Furthermore, they condone the essence of the trial but do not
have a good understanding of Turkish politics and history. Turkish
history demonstrates that Ergenekon is a deep state organization that
penetrated both society and the bureaucracy. Attempting to overthrow
various governments through a coup d'etat, committing mass murders of
Kurds and Armenians, fostering cooperation between the military and
ultra-Kemalist non-government organizations to mobilize masses and
delegitimize an elected government and most importantly, asserting
military control over civilian power are just a few of Ergenekon's
plots. Despite the court's 19 verdicts of a life sentence and the
punishment of the majority of the detainees, it is unclear whether
Turkey has fully confronted Ergenekon's evil past and most importantly,
its own.
Yes and No.
The Ergenekon trial has a symbolic meaning, as it partly eradicated the
most clandestine organization in Turkish history and to some extent
satisfied the wishes of those who were the victims of Ergenekon,
particularly the conservatives. Punishing Ergenekon network members
simply meant a departure from Turkey's oppressive history, but using
retributive justice measures created a perception of revenge among
many. Political conflicts and polarization can be healthy, as they
reveal the weaknesses of a political system and pressure points
in society. If used wisely, they present important opportunities
for nations to address existing problems. However, the Ergenekon
trial further polarized Turkey into two main camps; conservatives
and secularists. Beginning in 2008, the Ergenekon trial gradually
became instrumental in the mainly pro-Kemalist secularists' loss of
Staatsvolk status. Given the fact that the secularists lost their
privileges and the conservatives rose to power and filled important
positions within the state apparatus, we experienced a fierce but
facile politicization of Ergenekon.
Recall Deniz Baykal, former leader of the Republican People's Party
(CHP), who said he was the lawyer for the Ergenekon detainees and Prime
Minister Recep Tayyip Erdogan's statement that he was the prosecutor
for the Ergenekon trial. From post-World War II Germany to Gladio
in Italy and the decommunization of Eastern Europe, such trials are
naturally controversial. Furthermore, such cases usually do not allow
the public to have a meaningful debate about the evil past of a cabal
or the state itself. For instance, many detainees claimed that it was
legal to organize a coup d'etat because the Turkish military's internal
codes allowed them, as the dominant power in politics, to identify an
internal threat and, if necessary, react accordingly. The alleged coup
d'etat plans clearly show that the military was willing to kill its
own people to protect the Kemalist nation state. Despite the important
punishments, many in Turkey still believe that the Ergenekon network
members are innocent. In other words, this is the banality of evil.

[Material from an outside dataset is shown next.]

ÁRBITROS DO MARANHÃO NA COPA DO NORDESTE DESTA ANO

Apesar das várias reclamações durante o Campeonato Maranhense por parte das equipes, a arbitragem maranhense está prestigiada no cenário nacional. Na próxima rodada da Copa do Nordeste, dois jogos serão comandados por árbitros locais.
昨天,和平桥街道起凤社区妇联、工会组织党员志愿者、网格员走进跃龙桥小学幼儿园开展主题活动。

If politicization of the Ergenekon trial was one reason for a lack
of meaningful debate, the court's choice not to investigate the
infamous Susurluk accident and mass killings of Kurds and influential
intellectuals limited the debate. This missed opportunity could
facilitate a discussion about past crimes of the Turkish state and
its clandestine organizations that would probably get more support
from society. For instance, the Kurds criticized the Ergenekon trial
because the court focused only on coup d'etat attempts and ignored the
Kurdish dimension. It is not difficult to conclude that the Justice
and Development Party (AK Party) government confronted only those who
challenged it and remained indifferent to cases that could potentially
unearth the state apparatus' misconduct against its own citizens.

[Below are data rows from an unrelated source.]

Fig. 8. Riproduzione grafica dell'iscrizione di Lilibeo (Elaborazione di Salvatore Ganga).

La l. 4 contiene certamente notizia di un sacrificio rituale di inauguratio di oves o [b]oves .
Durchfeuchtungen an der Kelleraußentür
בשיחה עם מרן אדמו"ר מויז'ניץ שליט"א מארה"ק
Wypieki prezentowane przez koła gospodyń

Despite human rights violations, the Ergenekon trial had important
symbolic meaning and was instrumental in the demilitarization of
Turkey. Yet, since Turkey did not have a meaningful discussion about
its dark past, it is likely that the Ergenekon saga will continue in
the near future, further polarizing the country. The question is now,
how do we deal with Ergenekon properly -- ensuring fundamental human
rights -- but still unearth the truth?